17 September 2026
Ciri Anak Terlalu Banyak Screen Time, Kenali sebelum Terlambat!
Ditulis oleh

Dhia Priyanka
Topik: Screen Time, Speech Delay, Tumbuh Kembang, SuperClass
Artikel ini telah divalidasi oleh dr. Lucyana Alim Santoso, Sp.A.
Ciri anak terlalu banyak screen time tidak hanya terlihat dari lamanya memegang gawai. Perubahan tidur, emosi, makan, aktivitas fisik, belajar, dan interaksi keluarga juga perlu diperhatikan. WHO merekomendasikan tidak ada screen time sedentari untuk bayi serta maksimal 1 jam per hari untuk anak usia 2–4 tahun, semakin sedikit semakin baik. Artikel ini membantu MomDad mengenali tanda penggunaan layar yang mulai mengganggu keseharian dan langkah realistis untuk menguranginya.

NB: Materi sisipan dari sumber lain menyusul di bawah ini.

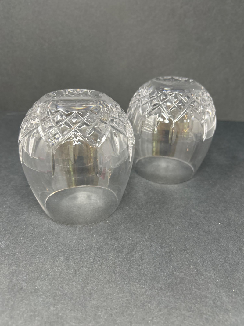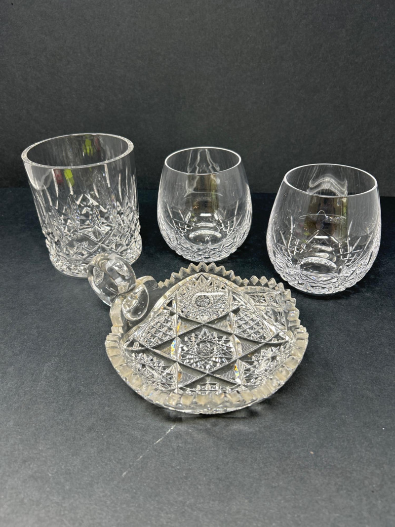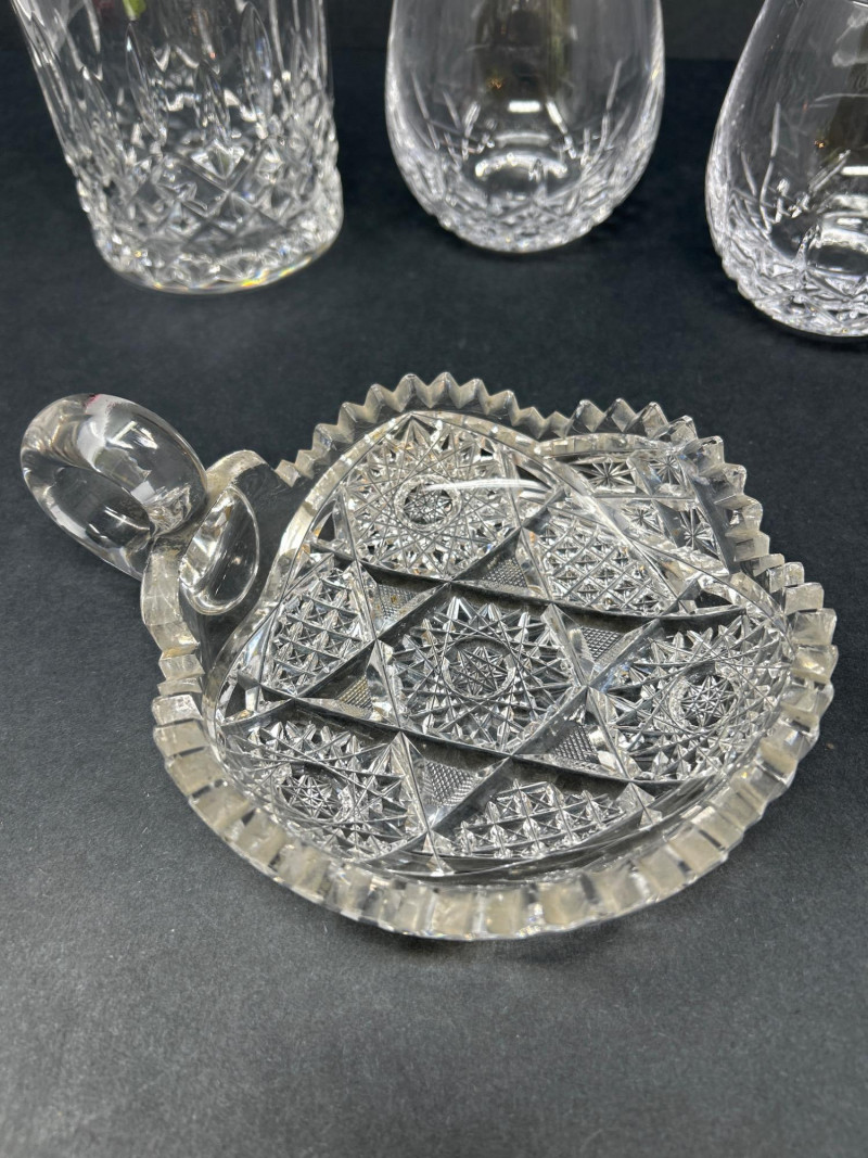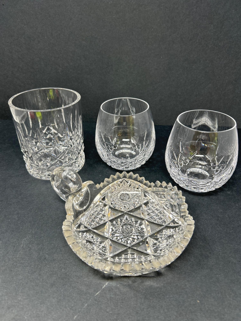 Waterford Cut Glass and Stemware Assortment Collection includes three Waterford cut glass stemware pieces and a variety of intricately cut crystal vessels and accessories. The stemware measures approximately 4.5" and 4" tall. The set also features: One Waterford cut glass decanter with stopper One round cut glass serving dish Multiple small cut glass tumblers and rounded glasses One cylindrical cut glass container Two small cut glass votive or tealight holders Each piece showcases traditional Waterford-style deep cuts and brilliant clarity typical of Irish crystal craftsmanship. Measurements: Stemware: 4.5" and 4" tall

Screen time perlu dievaluasi bila mulai “menggeser” kebutuhan utama anak: tidur cukup, bergerak aktif, makan tanpa distraksi, bermain, belajar, dan berinteraksi langsung. Satu tanda saja tidak otomatis berarti anak mengalami kecanduan gadget atau gangguan perkembangan.
Apa Arti Screen Time Berlebihan pada Anak?
Screen time mencakup waktu menggunakan televisi, ponsel, tablet, komputer, atau konsol gim. Namun, semua aktivitas layar tidak sama. Video call dengan keluarga, tugas sekolah, terapi berbasis perangkat, dan menonton pasif memiliki tujuan serta konteks yang berbeda.
American Academy of Pediatrics (AAP) kini mendorong keluarga menilai media melalui kualitas konten, konteks penggunaan, kebutuhan perkembangan anak, komunikasi, serta apakah layar “crowding out” atau menggantikan tidur, aktivitas fisik, dan kebersamaan. Jadi, angka jam harian penting, tetapi dampak terhadap fungsi anak lebih menentukan.
Ciri-Ciri Anak Terlalu Banyak Screen Time
Tanda berikut bukan diagnosis. Amati pola yang berulang selama beberapa hari atau minggu, terjadi di lebih dari satu situasi, dan membaik atau memburuk seiring perubahan kebiasaan layar:
Batas Screen Time Anak Sesuai Usia
Pedoman membantu keluarga membuat titik awal, tetapi tetap perlu disesuaikan dengan perkembangan, kebutuhan medis, kegiatan sekolah, dan konteks keluarga.
Usia di Bawah 1 Tahun
WHO tidak merekomendasikan screen time sedentari untuk bayi. Prioritaskan interaksi tatap muka, tummy time, bergerak di lantai, bernyanyi, membacakan buku, dan tidur yang cukup.
Usia 1 Tahun
WHO juga tidak merekomendasikan screen time sedentari pada usia 1 tahun. Jika keluarga menggunakan video call, dampingi bayi dan jadikan aktivitas itu interaktif.
Usia 2–4 Tahun
WHO menyarankan maksimal 1 jam screen time sedentari per hari; semakin sedikit semakin baik. Pilih konten berkualitas, tonton bersama, dan bantu anak menghubungkan isi layar dengan pengalaman nyata.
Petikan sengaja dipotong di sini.